While operating as a publicly traded company, Marvel began to issue, both quarterly and Annual Reports. While quarterly reports came in the form of card- stock, or gate-fold reports, the annual reports, tended to be comicbook-sized booklets, with the first 32 pages a comicbook stories staring various Marvel heroes punching out Marvel villains while pontificating on the financial standings of Marvel the company. This was then be followed up by more detailed (and more traditionally-presented) financial information about the company.
Editor: | Glenn Herdling |
Writer: | Gary Fishman |
Pencils: | Alex Saviuk, Andrew Wildman, Art Nichols, Herbe Trimpe, John Herbert, Tom Morgan |
Inker: | Baskerville, Bill Anderson, Brad Vancata, John Beatty, Rod Ramos, Stephen |
There is a 32-page comicbook section, which is followed by 32 pages of financial information. Yet, even here Marvel has peppered the report with images of its various heroes, as well as unique graphs and charts with them showing off the company's financial information.
Dr. Doom starts this issue off, by deciding that he needs to learn why Marvel profits are up 94% to $224 Million, as compared to $115 Million in '91, and why Marvel's earnings per share doubled to $0.66 in the past year. To do this he gathers about him arcane forces which draw the attention of Dr. Strange. To combat what he perceives as a threat, Strange gathers about himself a gaggle of Marvel Heroes, including several Avengers, X-Men, and FF, as well as a number of non-aligned heroes.

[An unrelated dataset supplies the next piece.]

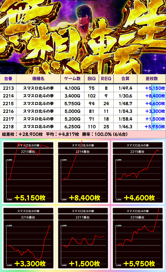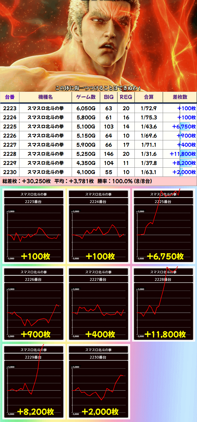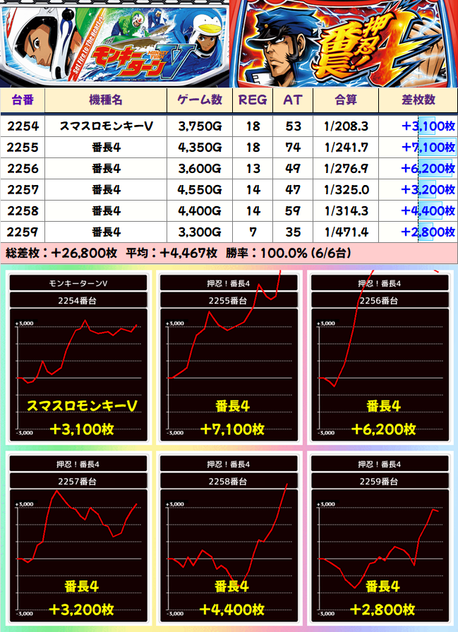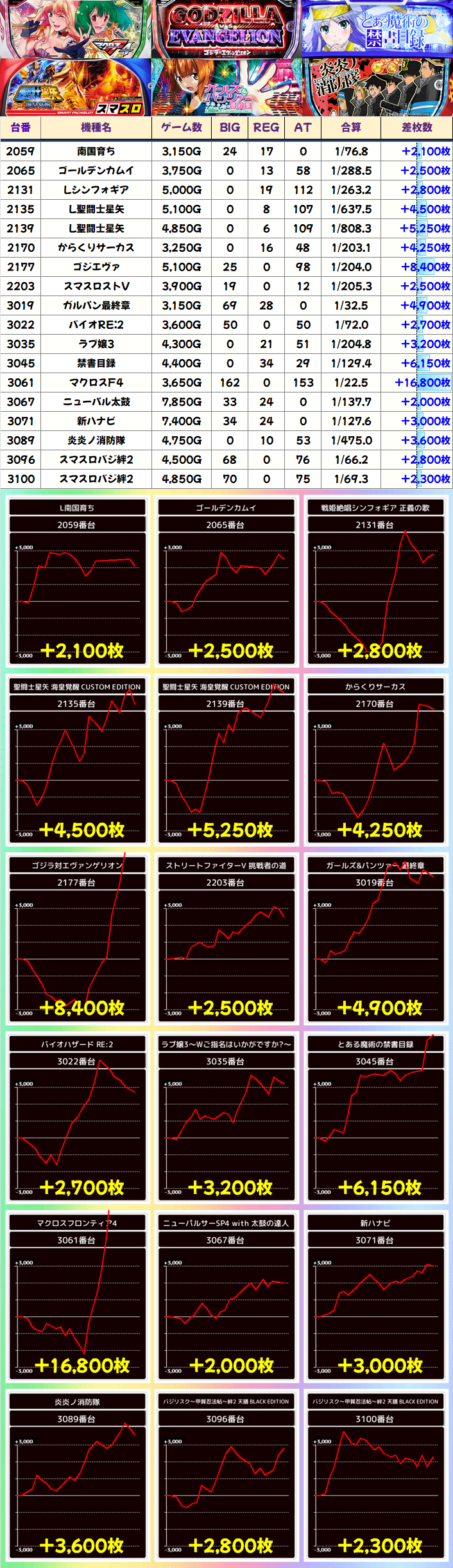 柱で区切られた隅の機種シマが6台並びで猛爆。ほとんどが右肩上がりの挙動で、全台ほぼ3000枚以上プラスに。

These "Secret Defenders" gather information about Marvel's various business ventures and spout them off as standard comicbook dialogue. This information includes talk about various publishing ventures (The Avengers, Spider-Man, the FF, The Big Guns line, the 2099 Universe, The Midnight Sons, X-men, and others).
There is also info on The Fleer group (now owned by Marvel), and how profits have increased in this area (which includes Double Bubble and Razzles); Marvel's Media and consumer products (TV and film properties, clothing), Advertising (utilizing Marvel characters to co-brand with your product) etc. The story ends with Strange confronting Doom and telling him to back off from gathering information about Marvel. Of course, Strange has automatically assumed that Doom was planning something nefarious, but it is revealed that Doom was actually investigating Marvel because he has heavily invested in the company, and he was simply attempting to protect his investment.
This has to be one of the most unique Annual Reports ever presented, and it is this presentation that earns it its high grade.
This report contained eight trading cards bound into it. Four baseball cards (Tony Gwynn, Dennis Eckersley, Rogerr Clemens, and Tom Glavine) as well as four Marvel hero cards (Black Knight, Thunderstrike, Hulk, and Captain America).